[WORK ORDER] Output the first line of the listing and each line after it, up to and including the line that contains "This stylised portrait", exactly as written, minus the pictures.
○ ○ ○ ○ ○ ○ ○
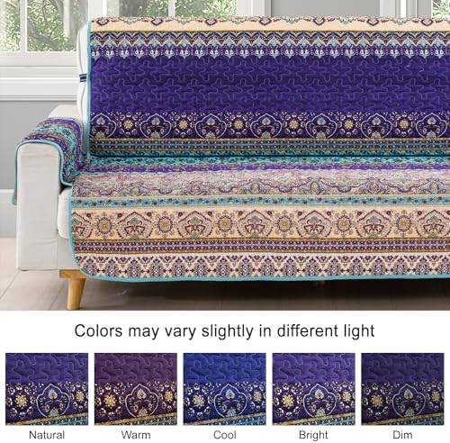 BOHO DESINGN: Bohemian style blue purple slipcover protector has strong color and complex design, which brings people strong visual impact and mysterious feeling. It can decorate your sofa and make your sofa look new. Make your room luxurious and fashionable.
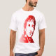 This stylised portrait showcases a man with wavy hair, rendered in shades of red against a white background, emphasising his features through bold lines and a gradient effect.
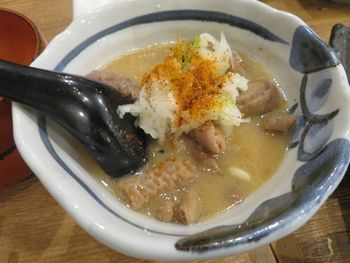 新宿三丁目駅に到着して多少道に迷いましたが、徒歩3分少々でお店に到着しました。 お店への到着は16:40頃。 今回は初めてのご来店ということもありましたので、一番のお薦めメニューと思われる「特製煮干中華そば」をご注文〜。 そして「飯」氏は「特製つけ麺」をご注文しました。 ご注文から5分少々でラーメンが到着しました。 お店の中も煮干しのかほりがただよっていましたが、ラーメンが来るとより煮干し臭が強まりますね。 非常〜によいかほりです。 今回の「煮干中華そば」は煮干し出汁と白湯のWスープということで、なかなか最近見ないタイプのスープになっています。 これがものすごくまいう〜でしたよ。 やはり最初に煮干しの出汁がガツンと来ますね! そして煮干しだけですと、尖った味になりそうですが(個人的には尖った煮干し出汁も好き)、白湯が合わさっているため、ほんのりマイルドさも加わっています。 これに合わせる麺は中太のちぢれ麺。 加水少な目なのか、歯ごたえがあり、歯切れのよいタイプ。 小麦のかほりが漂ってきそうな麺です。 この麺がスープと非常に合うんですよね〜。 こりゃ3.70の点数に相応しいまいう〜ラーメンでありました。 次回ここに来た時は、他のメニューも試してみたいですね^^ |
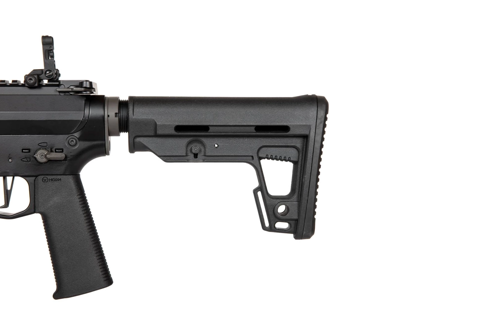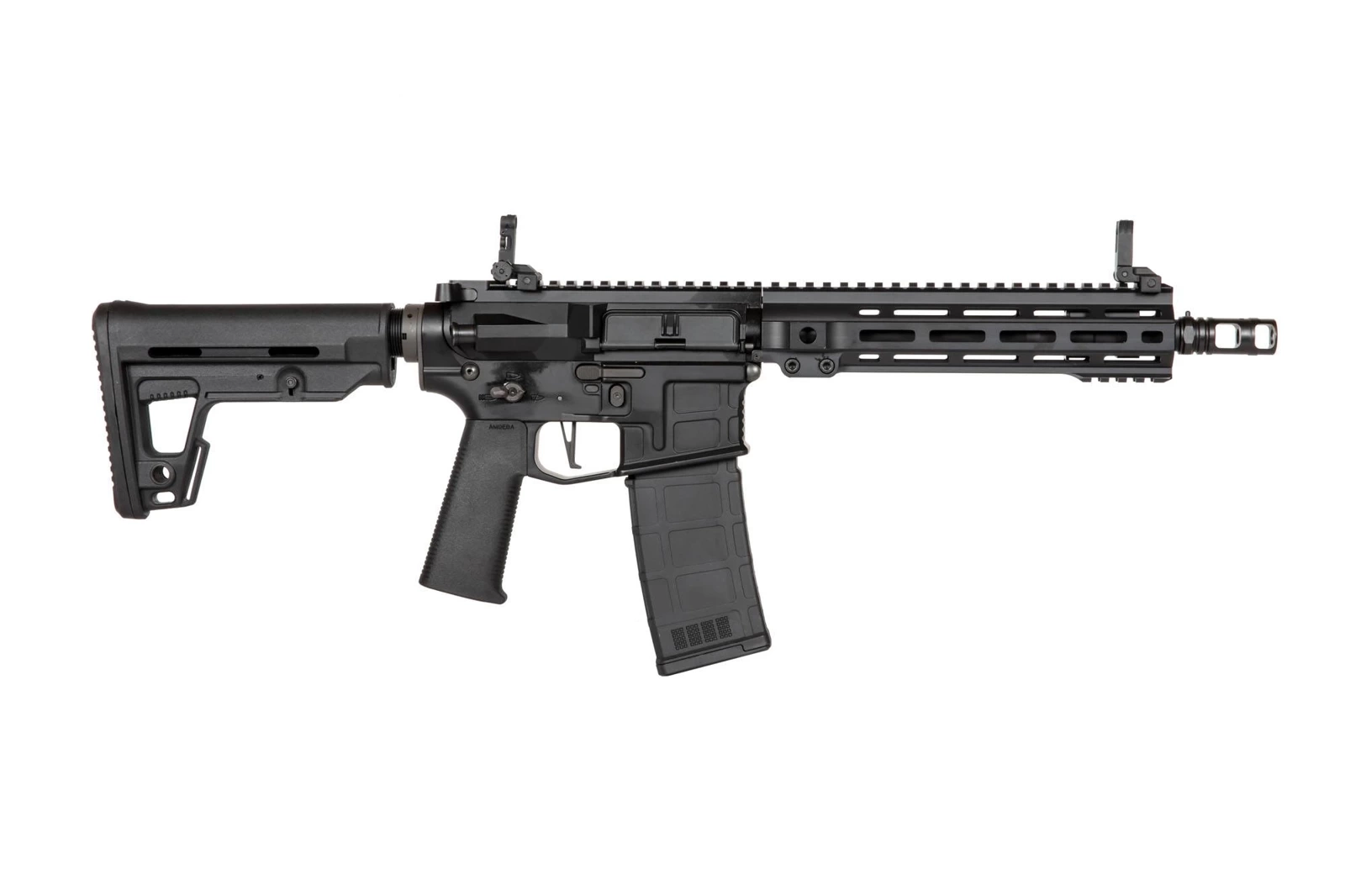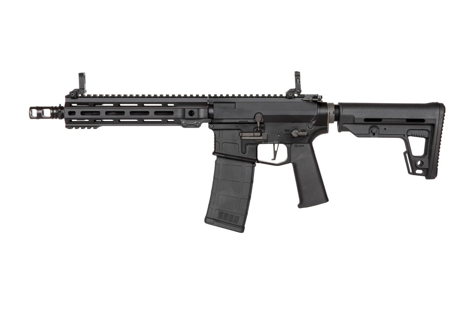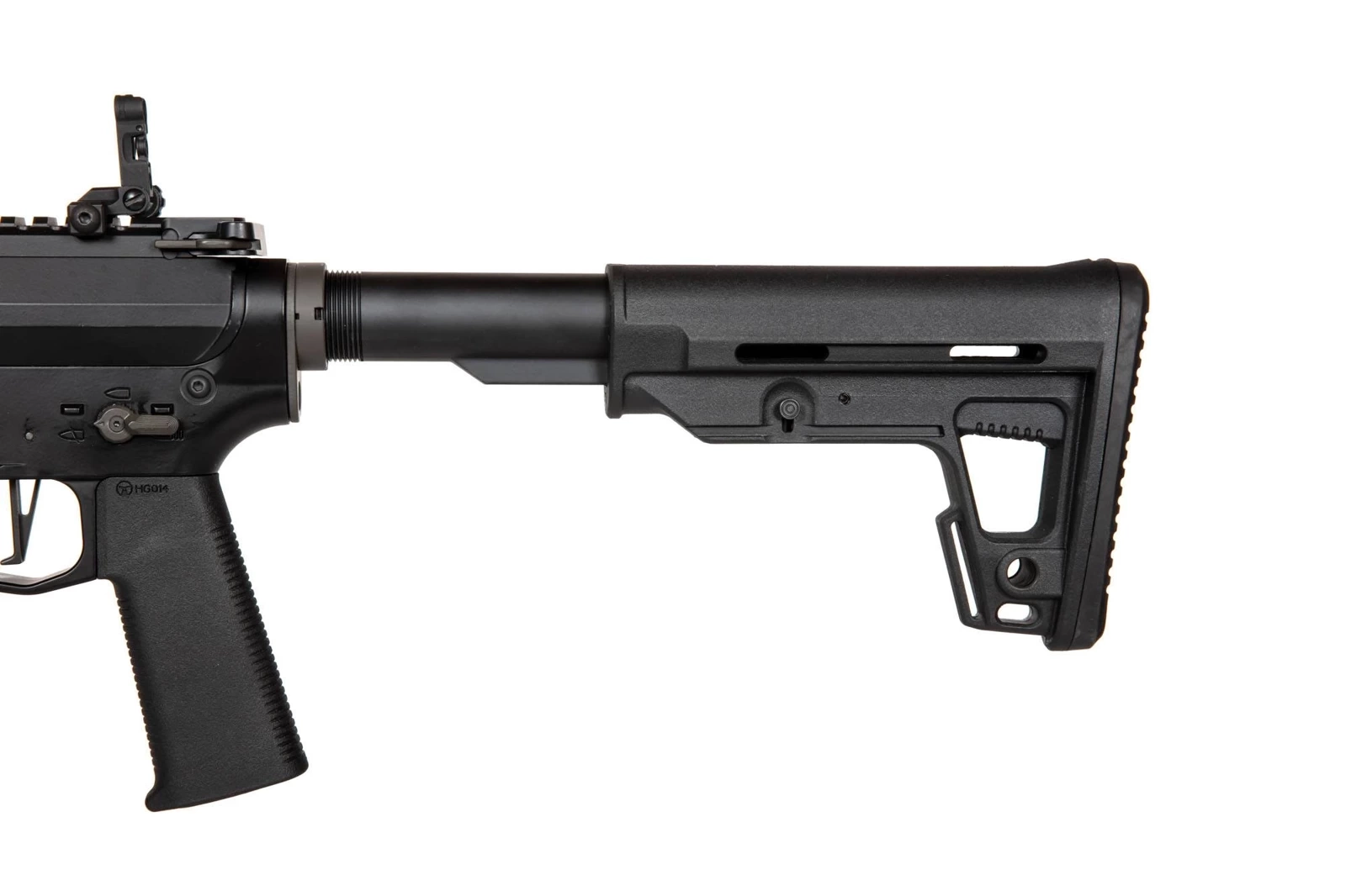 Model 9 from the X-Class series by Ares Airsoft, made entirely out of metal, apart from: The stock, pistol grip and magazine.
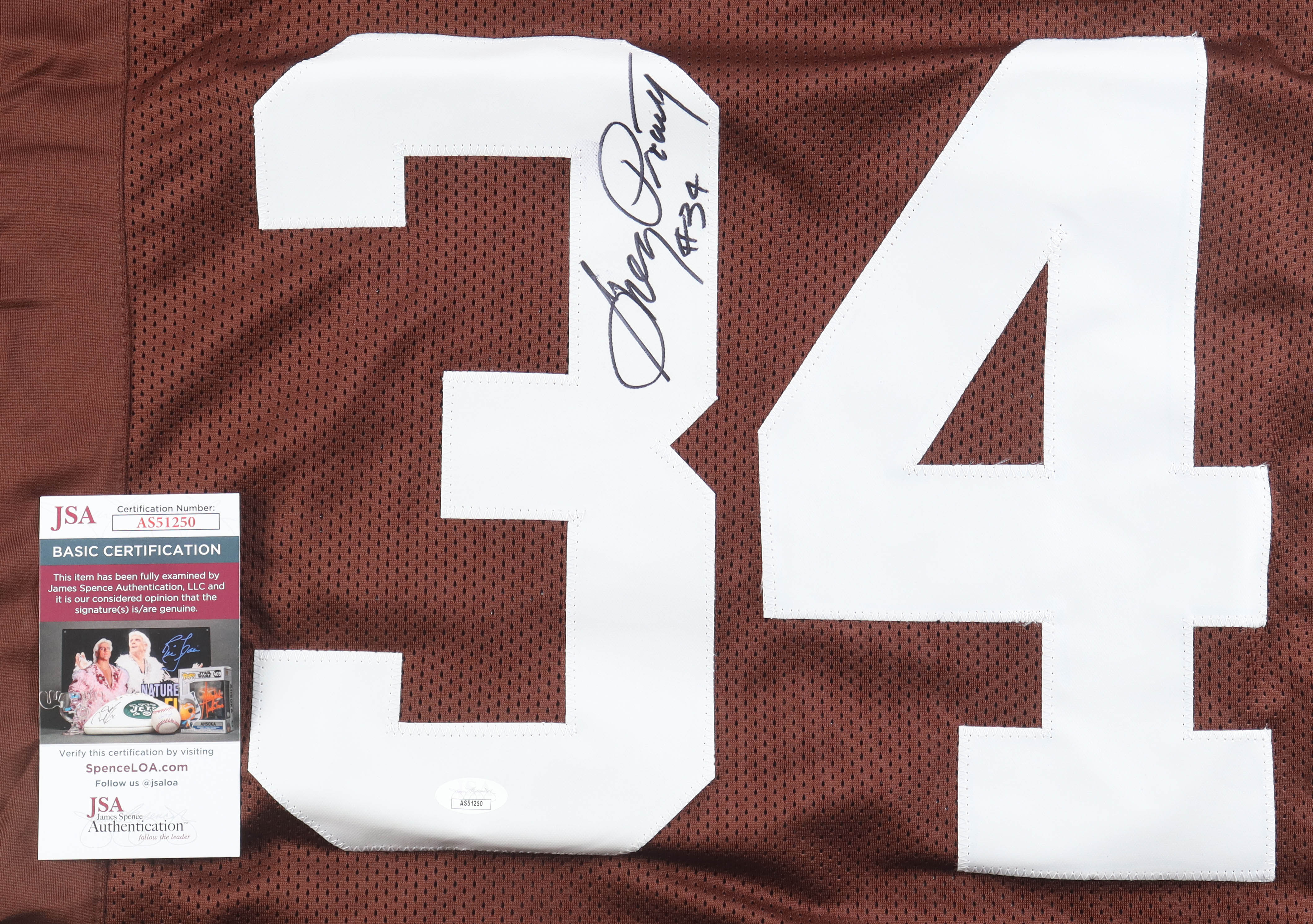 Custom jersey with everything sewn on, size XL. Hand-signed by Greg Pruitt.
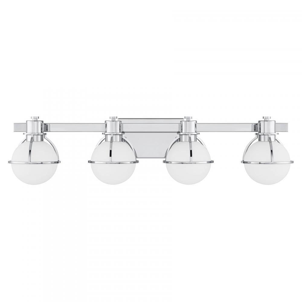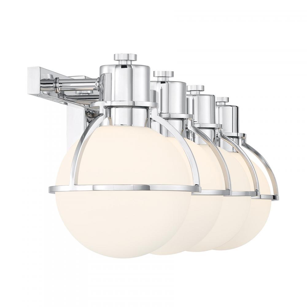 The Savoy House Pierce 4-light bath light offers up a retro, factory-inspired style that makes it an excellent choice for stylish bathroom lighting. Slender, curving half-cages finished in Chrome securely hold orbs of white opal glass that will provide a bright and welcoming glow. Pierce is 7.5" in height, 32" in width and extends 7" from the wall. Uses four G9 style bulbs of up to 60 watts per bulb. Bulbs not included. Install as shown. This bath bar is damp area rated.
○ ○ ○ ○ ○ ○ ○
[SOLUTION FOR THIS PROBLEM]
 BOHO DESINGN: Bohemian style blue purple slipcover protector has strong color and complex design, which brings people strong visual impact and mysterious feeling. It can decorate your sofa and make your sofa look new. Make your room luxurious and fashionable.
 This stylised portrait showcases a man with wavy hair, rendered in shades of red against a white background, emphasising his features through bold lines and a gradient effect.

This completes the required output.